Atravessam-se tempos de conflito e provação, e talvez se não saiba muito bem onde se situa o parâmetro da justiça e da correcção que aquela comporta. Talvez nunca se chegue a saber, sobretudo enquanto se adoptar uma postura de competição e conflito entre interlocutores. Importa contudo entender o reconhecimento de que a resolução de temas com visões opostas requer a disponibilidade para a percepção do Outro, não a claudicação que é pobre solução, tão pobre quanto a ilusão da vitória.
Não é a política que faz os homens, mas exactamente o oposto. Talvez por isso, e enquanto a Humanidade não acede a um estádio colectivo de evolução assente no reconhecimento de que a fronteira de hoje será a ponte de amanhã, pode ir tentando intuír o devir em vez de discutir o passado. Até porque apenas o futuro se constrói.

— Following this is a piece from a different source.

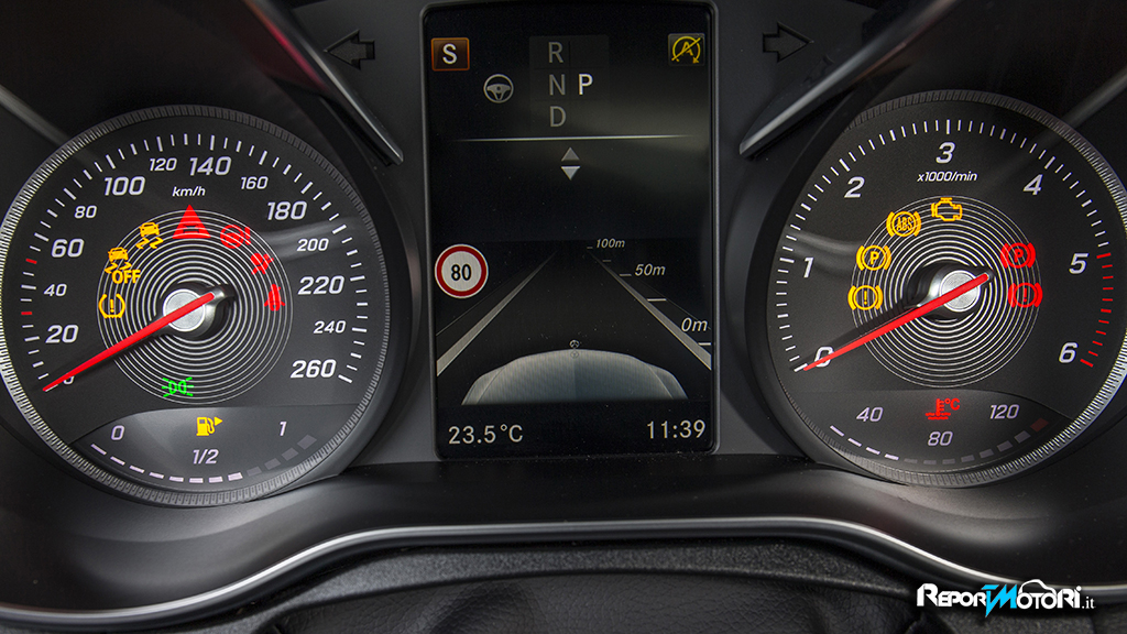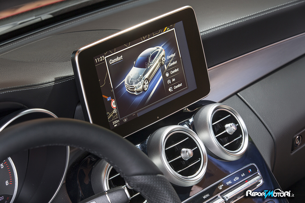 Molto comodo il touch al volante che, anche se dopo un breve utilizzo per prenderne dimestichezza, comporta la possibilità di accedere ad ogni funzionalità elettronica di controllo e dispositiva nel abitacolo, dal navigatore al telefono cellulare in tecnologia NFC e molto altro ma sempre con il grosso vantaggio di mai distogliere le mani dal volante. Infatti il vero valore aggiunto Mercedes lo si nota nella grande attenzione alla sicurezza di guida con un auto che attraverso le telecamere esterne riesce a “leggere” i cartelli stradali dandone informazione sul display al conducente come nel caso del limite di velocità sopraggiunto in quel tratto di strada. La guida intelligente con il sorpasso automatico, il distance pilot, il parcheggio automatico e soprattutto la grande innovazione del Active Breaking Assist , con l’attivazione automatica dei freni nel caso di un ostacolo improvviso, ci porta sempre più verso una nuova concezione di auto, più vista come mezzo intelligente ed attento alle esigenze e sicurezza dei conducenti.

Dô em japonês e Tao em chinês, ambos querem dizer Via ou Caminho. Ora acontece que o maior mérito dos interlocutores será cada um poder ter a visão de valorizar mais o que os une do que aquilo que os separa. Mais do que as diferenças, o que assemelha os homens a homens é aquilo que os une e não o que os separa. Talvez seja essa a Via que falta para encontrar a passagem.
E se a isto dedicarem um riso de escárnio, Lao Tsé preparou uma resposta multi-milenar no seu Tao Te Qing:
Se não se rissem, o Tao não seria Tao.